The trial court ruled that a judgment against State Farm for breach of contract was a condition precedent to a bad-faith action. In Blanchard v. State Farm Mutual Automobile Insurance Co., 575 So.2d 1289, 1291 (Fla. 1991), the supreme court held that a bad-faith action cannot accrue until the underlying lawsuit seeking insurance benefits is resolved in the insured’s favor…See also Vest v. Travelers Ins. Co., 753 So.2d 1270, 1276 (Fla. 2000) (“[B]ringing a cause of action in court for violation of section 624.155(1)(b) 1 is premature until there is a determination of liability and extent of damages owed on the first-party insurance contract”). But, “[a] judgment on a breach of contract action is not the only way of obtaining a favorable resolution.” Trafalgar at Greenacres, Ltd. v. Zurich Am. Ins. Co., 100 So.3d 1155, 1158 (Fla. 4th DCA 2012). For example, “an arbitration award establishing the validity of an insured’s claim satisfies the condition precedent required to bring a bad faith action.” Id. (citing Dadeland Depot, Inc. v. St. Paul Fire & Marine Ins. Co., 945 So.2d 1216 (Fla. 2006)). Similarly, as in this case, an appraisal award establishes the validity of Mr. Hunt’s claim and satisfies this condition precedent. See id.
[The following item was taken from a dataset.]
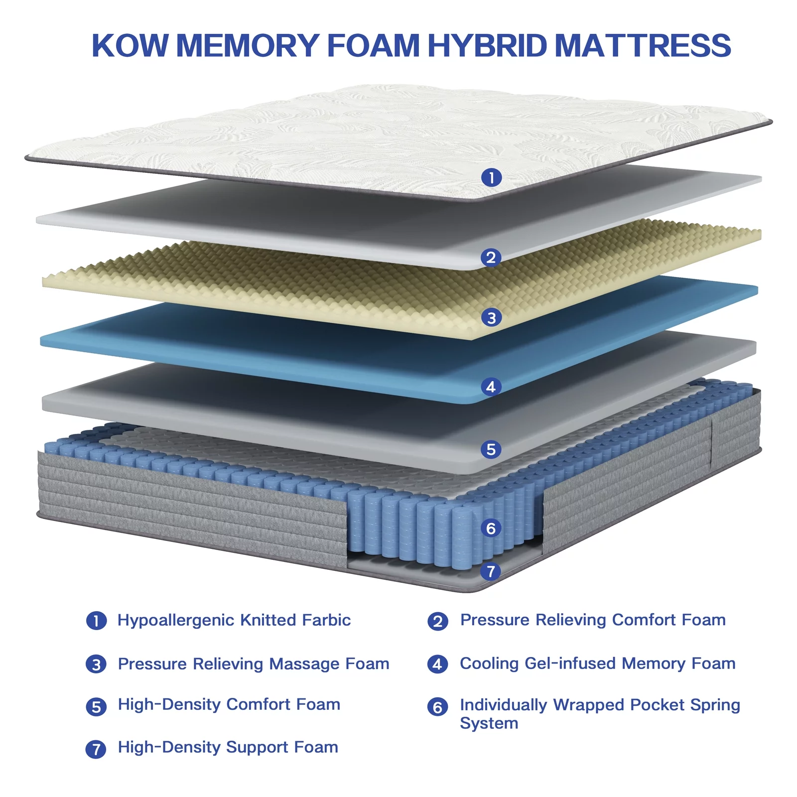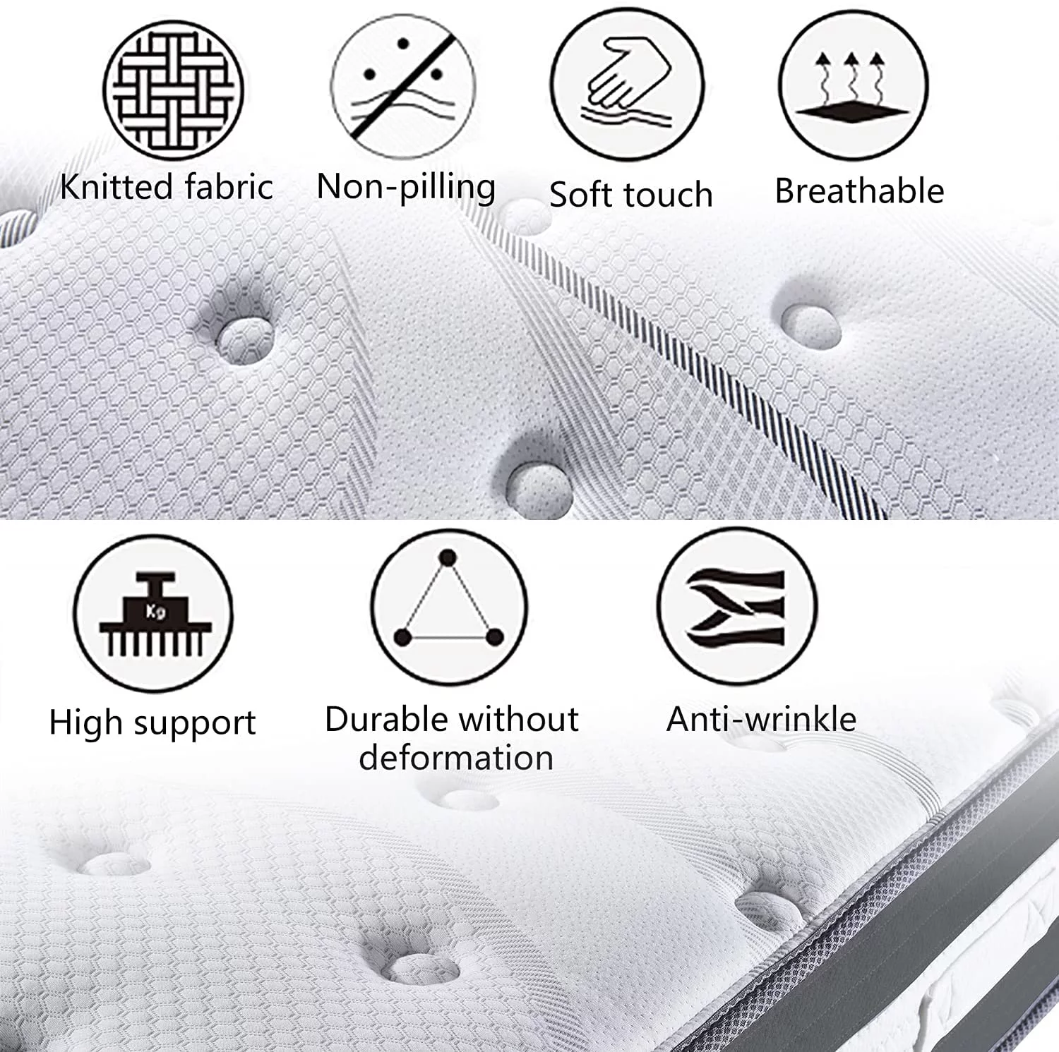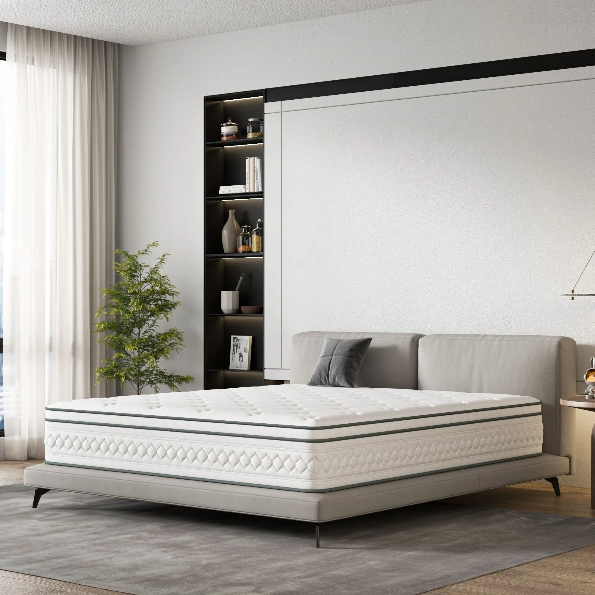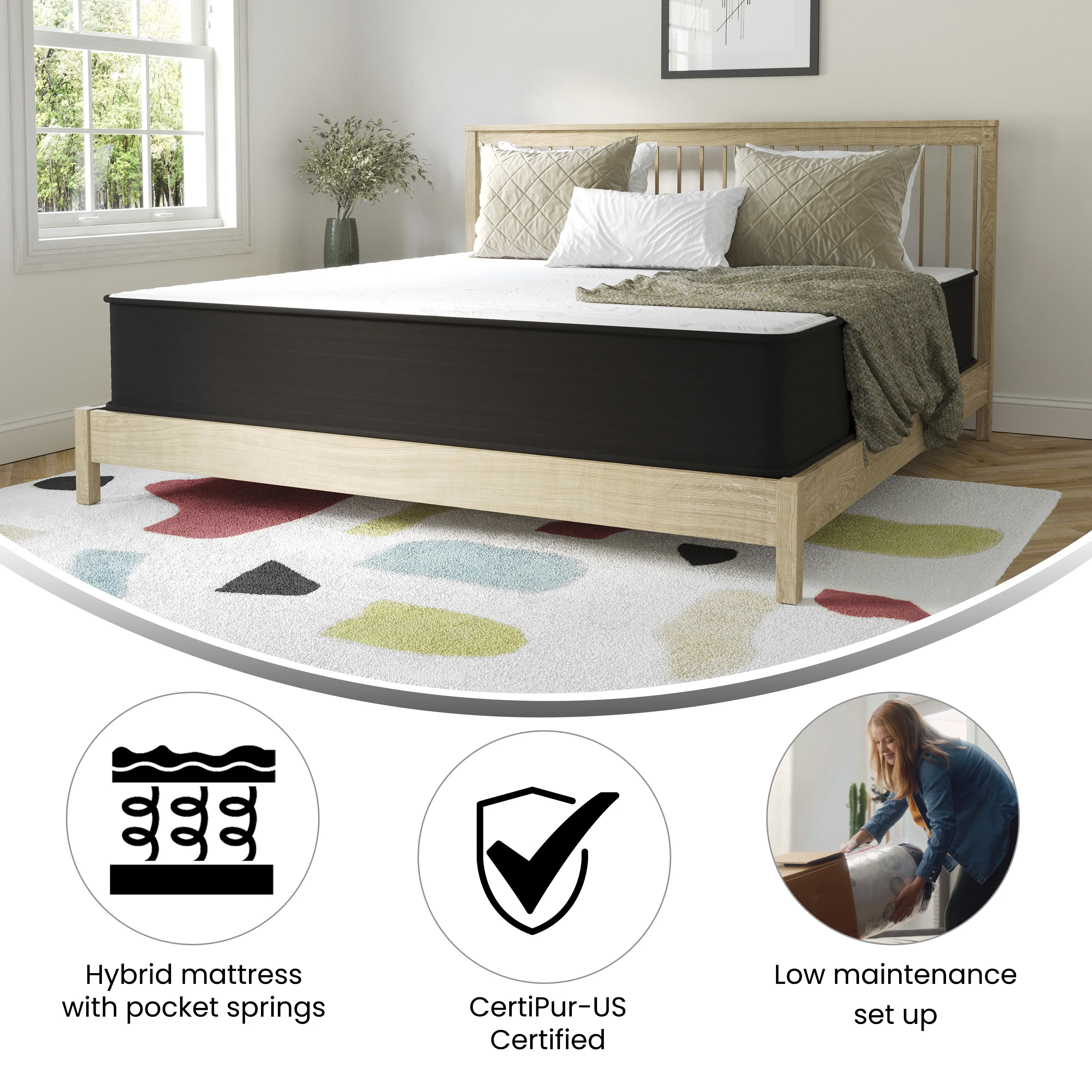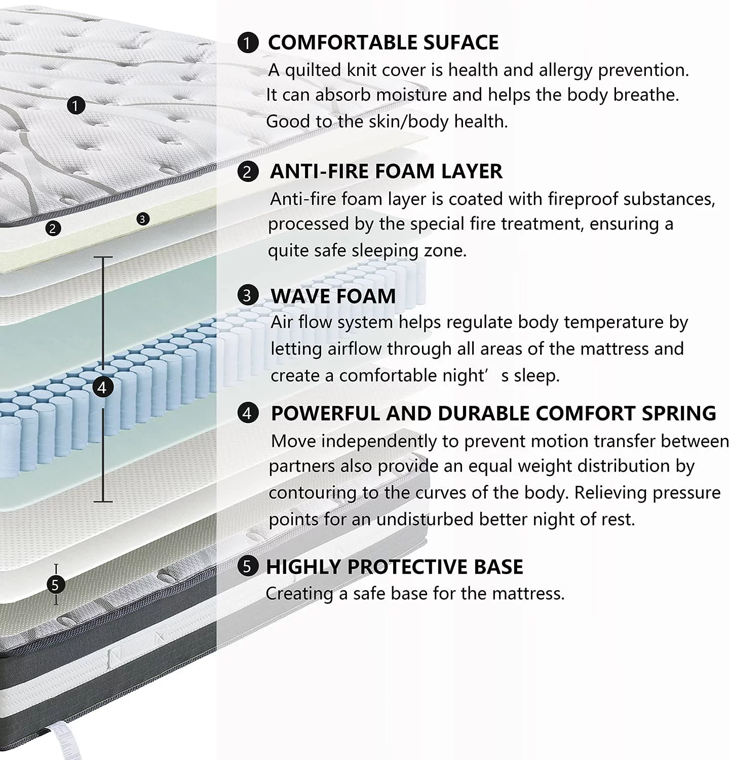 MOBICIA 12 Inch King Size Hybrid Pocket Spring Mattress with Individually Pocket Spring System/Wave and Anti-fire Foam

Hunt and Trafalgar establish that an appraisal award is a favorable resolution regarding liability and extent of damages, but what if the insured never files suit for breach of contract? Will the appraisal award establish liability and extent of damages without an accompanying lawsuit before the bad faith lawsuit? David Pettinato, an attorney in our Tampa office, recently received an order in the affirmative.2 The order states:

The only apparent distinction between Hunt and the instant case is that before entry of an appraisal award Hunt filed a lawsuit against State Farm for breach of contract and the Coburns did not. While in some cases it may be necessary to file a breach of contract action to determine coverage or the amount of the loss, there is no logical reason to require a breach of contract action as a condition precedent to the filing of a claim for bad faith when the contractual issues have already been resolved. Such a requirement would only serve to further clog our courts, increase the costs of litigation, and delay resolution of disputes. See Brookins v. Goodson, 640 So.2d 110, 114 (Fla. 4th DCA 1994). In this case neither a lawsuit for breach of contract nor a judgment in favor of the insured is required. There only need be a “determination of liability and extent of damages.” The Second District clearly stated in Hunt that the appraisal award satisfies this condition precedent. (citing Vest v. Travelers Ins. Co., 753 So.2d 1270, 1276 (Fla. 2000) and Trafalgar at Greenacres, Ltd. v. Zurich Am. Ins. Co., 100 So. 3d 1155, 1158 (Fla. 4th DCA 2012)).

This trial court relied upon Hunt to hold that a determination of liability and extent of damages is satisfied by an appraisal award, and neither a breach of contract lawsuit nor a judgment in favor of the insured is required to bring a bad faith claim against the insurer. This reasoning will help policyholders hold insurers accountable for bad faith conduct during the adjustment of the claim. As an upcoming law graduate, it is exciting to see how case law evolves as new issues arise, and this is a perfect example of just that.


1 Hunt v. State Farm Florida Ins. Co., 2D11-6484, — So. 3d — (Fla. 2d DCA April 5, 2013).
2 Coburn v. State Farm Florida Ins. Co., No. 10-CA-5677 (20th Cir. Fla. filed Apr. 30, 2013).